Assignment =>
The lines in the listing below are to be given again exactly, starting at the line holding "不能欺负底层劳动者!浙江杭州" and ending at the line holding "Квадратная коробка с 49 красными розами.". Do not include pictures.

--- Data listing Enclosed Below ---

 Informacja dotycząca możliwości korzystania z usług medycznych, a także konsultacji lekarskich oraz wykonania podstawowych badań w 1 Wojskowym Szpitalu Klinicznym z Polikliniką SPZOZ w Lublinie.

--- End of Enclosed Data listing ---
--- Data listing Enclosed Below ---

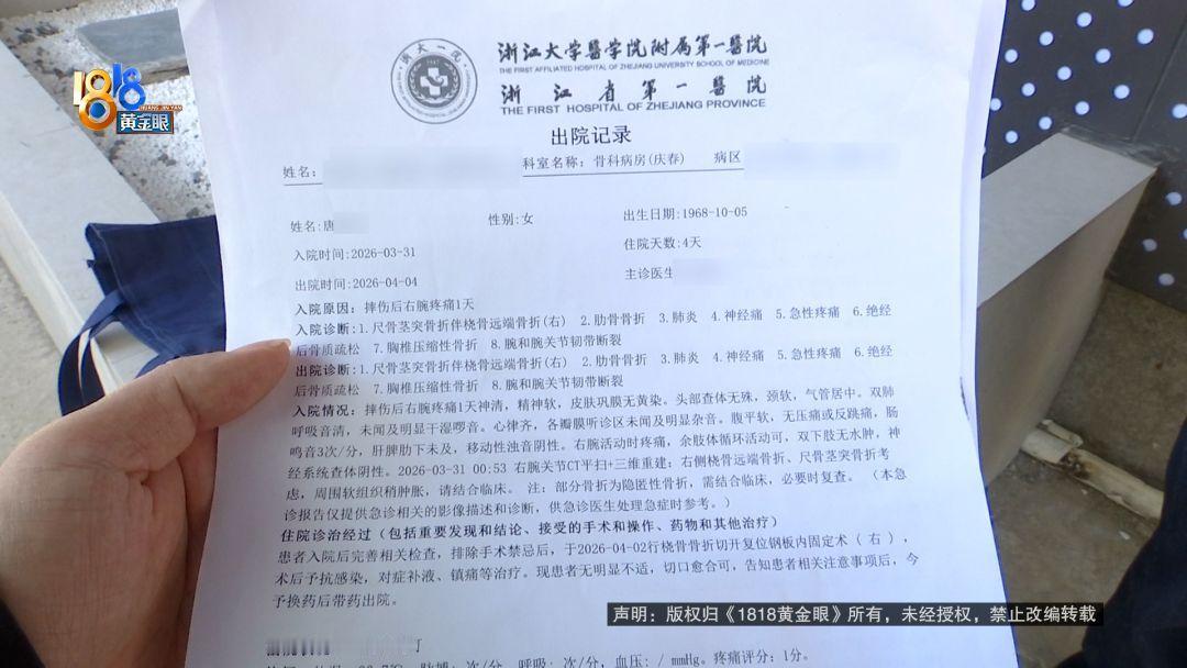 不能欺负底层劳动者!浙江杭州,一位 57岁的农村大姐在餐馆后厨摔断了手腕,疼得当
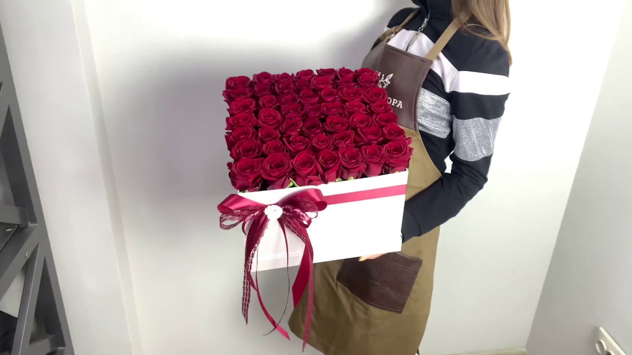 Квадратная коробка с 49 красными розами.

--- End of Enclosed Data listing ---

Exercise solution =>
 不能欺负底层劳动者!浙江杭州,一位 57岁的农村大姐在餐馆后厨摔断了手腕,疼得当
 Квадратная коробка с 49 красными розами.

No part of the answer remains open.